Can You Solve the Keplerian Two-Body Problem in Physics?

[GaleForce]

Alright I'm really stuck on this question. I was wondering if anyone could help:

(a) Show that the total energy (per unit mass) of a particle orbiting in an attractive Keplerian potential V(r) = -GM/r is

E = (1/2)(dr/dt)^2 + (1/2)(J^2/r^2)-(GM)/r

where J = |r x v| is the particle's angular momentum (per unit mass).

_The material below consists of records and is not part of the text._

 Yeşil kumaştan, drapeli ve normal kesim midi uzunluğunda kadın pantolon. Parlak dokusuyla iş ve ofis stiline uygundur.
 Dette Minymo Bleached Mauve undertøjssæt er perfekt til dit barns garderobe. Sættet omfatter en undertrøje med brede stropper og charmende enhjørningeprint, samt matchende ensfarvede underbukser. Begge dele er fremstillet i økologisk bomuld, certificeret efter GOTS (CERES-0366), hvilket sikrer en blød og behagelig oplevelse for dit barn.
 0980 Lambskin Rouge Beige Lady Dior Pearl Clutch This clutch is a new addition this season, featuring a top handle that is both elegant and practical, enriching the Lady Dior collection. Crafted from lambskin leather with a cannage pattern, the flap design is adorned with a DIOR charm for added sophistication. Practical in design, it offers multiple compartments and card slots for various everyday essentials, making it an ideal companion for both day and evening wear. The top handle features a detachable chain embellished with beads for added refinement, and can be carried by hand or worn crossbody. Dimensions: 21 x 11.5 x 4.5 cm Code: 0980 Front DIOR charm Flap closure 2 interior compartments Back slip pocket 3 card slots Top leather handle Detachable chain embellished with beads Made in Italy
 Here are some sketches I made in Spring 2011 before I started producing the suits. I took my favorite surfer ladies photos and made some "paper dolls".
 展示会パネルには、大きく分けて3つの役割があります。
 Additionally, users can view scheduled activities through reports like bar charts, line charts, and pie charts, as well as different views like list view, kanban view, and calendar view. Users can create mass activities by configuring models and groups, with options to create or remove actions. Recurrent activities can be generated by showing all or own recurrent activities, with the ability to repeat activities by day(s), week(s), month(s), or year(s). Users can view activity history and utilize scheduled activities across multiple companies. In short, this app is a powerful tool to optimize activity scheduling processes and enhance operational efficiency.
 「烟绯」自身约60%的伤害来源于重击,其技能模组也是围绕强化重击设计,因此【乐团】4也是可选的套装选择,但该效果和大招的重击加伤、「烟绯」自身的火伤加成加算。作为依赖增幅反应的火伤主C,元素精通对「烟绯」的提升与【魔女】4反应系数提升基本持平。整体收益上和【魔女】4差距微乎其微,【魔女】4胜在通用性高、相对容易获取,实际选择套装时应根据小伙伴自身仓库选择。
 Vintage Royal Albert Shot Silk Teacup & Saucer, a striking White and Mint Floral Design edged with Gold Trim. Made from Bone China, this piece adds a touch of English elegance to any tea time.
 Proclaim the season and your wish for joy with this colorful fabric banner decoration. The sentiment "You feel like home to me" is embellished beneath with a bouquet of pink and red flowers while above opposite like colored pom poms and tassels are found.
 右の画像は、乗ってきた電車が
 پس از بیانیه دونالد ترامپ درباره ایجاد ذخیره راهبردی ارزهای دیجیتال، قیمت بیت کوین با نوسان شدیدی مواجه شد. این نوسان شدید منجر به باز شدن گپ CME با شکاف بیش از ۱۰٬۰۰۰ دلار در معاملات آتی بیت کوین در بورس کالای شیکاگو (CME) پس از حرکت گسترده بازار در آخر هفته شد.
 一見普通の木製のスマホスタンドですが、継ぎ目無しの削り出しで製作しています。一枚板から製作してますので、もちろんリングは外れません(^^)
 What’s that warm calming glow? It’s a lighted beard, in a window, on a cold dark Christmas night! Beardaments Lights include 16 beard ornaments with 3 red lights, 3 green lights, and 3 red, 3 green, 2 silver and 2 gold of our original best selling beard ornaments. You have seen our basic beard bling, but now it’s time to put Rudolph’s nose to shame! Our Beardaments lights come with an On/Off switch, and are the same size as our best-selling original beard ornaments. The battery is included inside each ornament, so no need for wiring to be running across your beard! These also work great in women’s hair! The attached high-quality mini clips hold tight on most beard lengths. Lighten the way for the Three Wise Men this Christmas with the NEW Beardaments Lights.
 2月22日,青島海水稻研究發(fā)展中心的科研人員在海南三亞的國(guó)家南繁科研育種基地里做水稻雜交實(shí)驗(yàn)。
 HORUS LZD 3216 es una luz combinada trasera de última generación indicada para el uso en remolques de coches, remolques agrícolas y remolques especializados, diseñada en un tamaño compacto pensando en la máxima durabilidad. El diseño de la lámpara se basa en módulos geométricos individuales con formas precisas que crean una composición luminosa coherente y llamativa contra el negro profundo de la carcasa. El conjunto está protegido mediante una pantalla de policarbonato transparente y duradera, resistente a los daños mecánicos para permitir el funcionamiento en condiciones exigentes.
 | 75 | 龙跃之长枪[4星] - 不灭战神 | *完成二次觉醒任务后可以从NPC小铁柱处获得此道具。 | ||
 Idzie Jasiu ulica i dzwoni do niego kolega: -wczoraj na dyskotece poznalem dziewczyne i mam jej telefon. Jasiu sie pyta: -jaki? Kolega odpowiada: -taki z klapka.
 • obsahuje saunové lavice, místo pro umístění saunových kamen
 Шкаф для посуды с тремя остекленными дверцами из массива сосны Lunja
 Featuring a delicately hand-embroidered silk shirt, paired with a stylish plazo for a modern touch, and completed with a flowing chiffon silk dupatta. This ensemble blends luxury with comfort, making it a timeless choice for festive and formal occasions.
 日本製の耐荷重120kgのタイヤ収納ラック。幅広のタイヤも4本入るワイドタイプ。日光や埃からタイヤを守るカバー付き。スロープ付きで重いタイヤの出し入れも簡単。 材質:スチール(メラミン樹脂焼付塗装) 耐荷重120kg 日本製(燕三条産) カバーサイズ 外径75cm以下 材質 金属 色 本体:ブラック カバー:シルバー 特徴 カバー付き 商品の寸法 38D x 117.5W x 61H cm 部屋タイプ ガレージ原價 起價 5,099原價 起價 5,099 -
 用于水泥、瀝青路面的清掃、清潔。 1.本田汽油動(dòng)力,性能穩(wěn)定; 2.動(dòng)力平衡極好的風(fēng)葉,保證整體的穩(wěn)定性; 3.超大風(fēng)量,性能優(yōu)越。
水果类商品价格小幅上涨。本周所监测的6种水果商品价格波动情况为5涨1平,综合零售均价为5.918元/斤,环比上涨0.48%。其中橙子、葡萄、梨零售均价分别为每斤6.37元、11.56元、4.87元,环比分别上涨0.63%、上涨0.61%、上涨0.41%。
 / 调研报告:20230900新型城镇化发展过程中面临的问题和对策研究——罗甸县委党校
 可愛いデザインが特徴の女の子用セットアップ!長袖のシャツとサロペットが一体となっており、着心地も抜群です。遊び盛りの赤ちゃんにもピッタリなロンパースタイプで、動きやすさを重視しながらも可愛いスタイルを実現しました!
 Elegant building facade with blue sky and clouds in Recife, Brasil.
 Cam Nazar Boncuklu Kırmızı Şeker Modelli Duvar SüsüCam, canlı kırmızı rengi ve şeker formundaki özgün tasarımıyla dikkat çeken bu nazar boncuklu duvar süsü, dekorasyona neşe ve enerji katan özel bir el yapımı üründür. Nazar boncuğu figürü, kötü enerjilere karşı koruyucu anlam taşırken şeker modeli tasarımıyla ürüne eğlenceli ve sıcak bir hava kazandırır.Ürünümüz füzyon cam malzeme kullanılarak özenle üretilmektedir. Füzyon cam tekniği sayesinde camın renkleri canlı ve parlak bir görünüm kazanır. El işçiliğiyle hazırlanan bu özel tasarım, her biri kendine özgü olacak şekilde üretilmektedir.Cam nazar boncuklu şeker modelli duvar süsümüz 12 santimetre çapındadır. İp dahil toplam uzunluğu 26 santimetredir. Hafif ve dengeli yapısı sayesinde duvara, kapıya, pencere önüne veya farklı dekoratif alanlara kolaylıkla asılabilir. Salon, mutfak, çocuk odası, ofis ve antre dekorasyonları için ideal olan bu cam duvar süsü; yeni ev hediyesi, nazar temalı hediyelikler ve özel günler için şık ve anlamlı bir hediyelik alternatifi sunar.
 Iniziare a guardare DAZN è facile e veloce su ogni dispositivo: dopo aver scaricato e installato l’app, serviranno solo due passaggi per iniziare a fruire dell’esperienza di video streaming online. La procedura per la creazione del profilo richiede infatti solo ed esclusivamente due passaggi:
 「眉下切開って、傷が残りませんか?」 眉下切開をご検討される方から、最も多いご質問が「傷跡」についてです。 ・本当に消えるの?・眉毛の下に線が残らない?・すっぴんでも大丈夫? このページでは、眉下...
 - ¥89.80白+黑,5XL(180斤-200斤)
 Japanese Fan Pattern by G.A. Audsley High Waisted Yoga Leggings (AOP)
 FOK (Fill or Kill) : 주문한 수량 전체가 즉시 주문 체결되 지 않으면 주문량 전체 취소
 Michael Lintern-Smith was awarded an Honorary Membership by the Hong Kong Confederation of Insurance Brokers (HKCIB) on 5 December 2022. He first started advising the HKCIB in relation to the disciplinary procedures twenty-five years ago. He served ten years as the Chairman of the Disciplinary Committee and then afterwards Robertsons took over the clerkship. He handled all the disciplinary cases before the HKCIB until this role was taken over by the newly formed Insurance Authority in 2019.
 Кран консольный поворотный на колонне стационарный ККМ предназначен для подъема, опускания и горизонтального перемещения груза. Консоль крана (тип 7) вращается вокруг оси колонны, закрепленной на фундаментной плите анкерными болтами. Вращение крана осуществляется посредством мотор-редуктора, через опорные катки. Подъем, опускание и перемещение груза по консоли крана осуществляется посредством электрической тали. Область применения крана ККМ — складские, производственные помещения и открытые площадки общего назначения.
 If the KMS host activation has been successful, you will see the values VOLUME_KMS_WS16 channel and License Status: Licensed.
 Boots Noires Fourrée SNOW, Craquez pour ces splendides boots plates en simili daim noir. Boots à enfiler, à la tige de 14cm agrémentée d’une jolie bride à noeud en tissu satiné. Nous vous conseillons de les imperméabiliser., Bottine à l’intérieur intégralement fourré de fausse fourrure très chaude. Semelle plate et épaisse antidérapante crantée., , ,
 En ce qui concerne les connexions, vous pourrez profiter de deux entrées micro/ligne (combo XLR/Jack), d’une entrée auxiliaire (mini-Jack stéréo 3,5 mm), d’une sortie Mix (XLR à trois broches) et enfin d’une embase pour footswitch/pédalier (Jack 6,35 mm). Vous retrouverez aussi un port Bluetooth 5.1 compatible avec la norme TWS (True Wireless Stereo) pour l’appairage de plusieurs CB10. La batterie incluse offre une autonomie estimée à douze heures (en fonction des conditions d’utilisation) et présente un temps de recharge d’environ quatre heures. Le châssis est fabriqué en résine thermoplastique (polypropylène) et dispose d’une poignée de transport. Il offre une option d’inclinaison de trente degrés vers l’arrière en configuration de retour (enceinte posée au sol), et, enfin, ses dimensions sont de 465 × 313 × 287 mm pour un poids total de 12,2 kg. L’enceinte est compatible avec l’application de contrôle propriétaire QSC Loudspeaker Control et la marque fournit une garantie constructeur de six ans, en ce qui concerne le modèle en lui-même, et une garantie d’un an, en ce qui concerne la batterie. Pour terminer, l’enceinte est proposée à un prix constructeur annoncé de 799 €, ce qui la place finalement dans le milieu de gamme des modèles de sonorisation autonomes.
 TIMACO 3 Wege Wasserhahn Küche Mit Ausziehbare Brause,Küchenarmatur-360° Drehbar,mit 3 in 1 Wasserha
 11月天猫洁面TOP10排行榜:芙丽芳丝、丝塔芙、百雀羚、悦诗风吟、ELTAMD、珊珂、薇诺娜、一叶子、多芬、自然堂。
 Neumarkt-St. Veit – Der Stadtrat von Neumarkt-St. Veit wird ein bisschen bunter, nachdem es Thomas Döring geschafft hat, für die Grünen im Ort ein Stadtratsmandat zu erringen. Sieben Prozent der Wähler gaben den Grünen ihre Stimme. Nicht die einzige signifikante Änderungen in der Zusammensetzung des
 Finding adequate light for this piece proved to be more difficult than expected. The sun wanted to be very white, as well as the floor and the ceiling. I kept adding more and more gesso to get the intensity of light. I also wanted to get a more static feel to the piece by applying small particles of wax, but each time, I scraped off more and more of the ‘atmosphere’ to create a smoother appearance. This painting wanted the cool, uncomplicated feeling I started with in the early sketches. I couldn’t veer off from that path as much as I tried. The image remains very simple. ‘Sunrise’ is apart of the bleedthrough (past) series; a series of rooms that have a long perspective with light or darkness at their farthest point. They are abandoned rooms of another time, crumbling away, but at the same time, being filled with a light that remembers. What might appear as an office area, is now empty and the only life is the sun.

(b) If the particle in part (a) has J =\= 0 and finite energy, is it possible for the particle to reach r = 0? Can the particle reach r = infinity if E < 0? If E > 0? If may help to sketch a graph of 1/2(dr/dt)^2 as a function of r for both E < 0 and E > 0. I have no idea how to even approach the problem. It really doesn't fit in with the rest of the work we've been doing so I'm completely clueless. Thanks if anyone can help out.

 

[Galileo]

a) dr/dt is only the radial part of the velocity vector $\vec v$. Since -GM/r is the potential energy (per unit mass), (1/2)(J^2/r^2) must be the contribution of the tangential component of the velocity to the kinetic energy p.u.m. $\frac{1}{2}\vec v\cdot \vec v$.

So the first thing to do is to separate the vector $\vec r,\vec v$ into their radial and tangential components.

b) What are your thoughts on this one? What can you say if r=0?